Mon, July 22, 2024

Swiss Valcambi suspected of acquiring gold of dubious origin

Swiss Valcambi suspected of acquiring gold of dubious origin

Valcambi, one of the largest gold refiners in the world, has worked with a supplier suspected of acquiring precious metals from Sudan. Global Witness, an international NGO that reported the news, urges the London Bullion Market Association (LBMA) to examine producers more closely.

Global Witness claims the Swiss refinery Valcambi bought large quantities of gold from the Dubai-based Kaloti Precious Metals Group. As a result, it was at risk of having bought illegal exports of Sudanese gold. 

The origin of some of that gold, according to the report, is African artisanal miners and the Dubai gold market. In 2018, half of the gold passing through Dubai came from the African continent. Much of it was illegal export and originated in conflict-affected areas. These could be the Democratic Republic of the Congo and the Darfur region of Sudan.

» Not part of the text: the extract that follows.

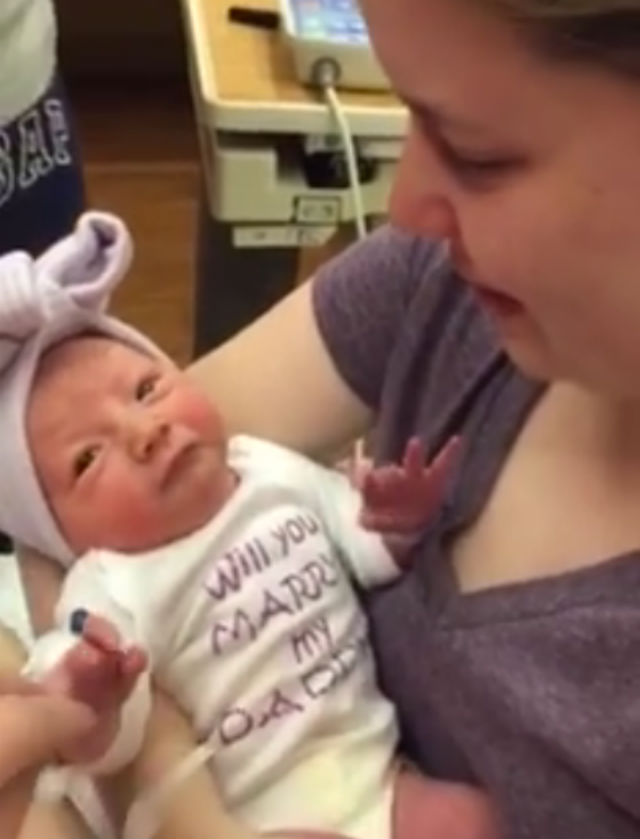 Pentru că cele două se aflau încă în spital, Miles a găsit o modalitate inedită. El a inscripţionat pe hainuţele fetiţei sale întrebarea : "Vrei să te căsătoreşti cu tatăl meu?". Triston a izbucnit în lacrimi în secunda următoare şi i-a răspuns afirmativ.

Emirati companies that process gold have no direct links with Swiss refineries. This makes it difficult to trace the origin of the metal. It also ensures that it is mined under conditions that respect human rights and the environment, the report warns.

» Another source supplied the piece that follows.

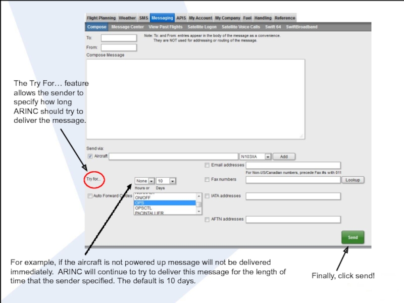 The Try For… feature allows the sender to specify how long ARINC should try to deliver the message.

Valcambi declined to comment immediately on the Global Witness report. However, it questioned the findings. Kaloti, for its part, denied the allegations. The refinery commented that it undergoes an independent audit every year. According to Kaloti, they have not identified conflict material from any jurisdiction, including Sudan, in its supply chains. Furthermore, Kaloti has never sent any gold supply from Sudan to any Swiss refinery.


There are gaps in the LBMA’s sourcing standards

Valcambi said last month that he pledged to adopt a new system to increase transparency in his precious metal sourcing process.

Based on blockchain technology, the system will require potential refiner gold suppliers to upload all due diligence information, including data and documents into a database. Then it will then be accessible to all appropriate audit parties.

In its report, Global Witness also said there are gaps in the LBMA’s sourcing standards that generally do not require refineries to disclose to their suppliers. A Bern-based non-governmental organization, SWISSAID, then joined the criticism of current LMBA standards. It urged them to be much more accurate in scrutinizing supplies from its member refineries.

The LBMA said that they designed its responsible sourcing program to be a holistic process that involves all stakeholders, and the association cannot address the problem alone. The global authority of the precious metals stated that more needs to be done.

Meanwhile, gold prices are trending upward, heading to a record high since 2011.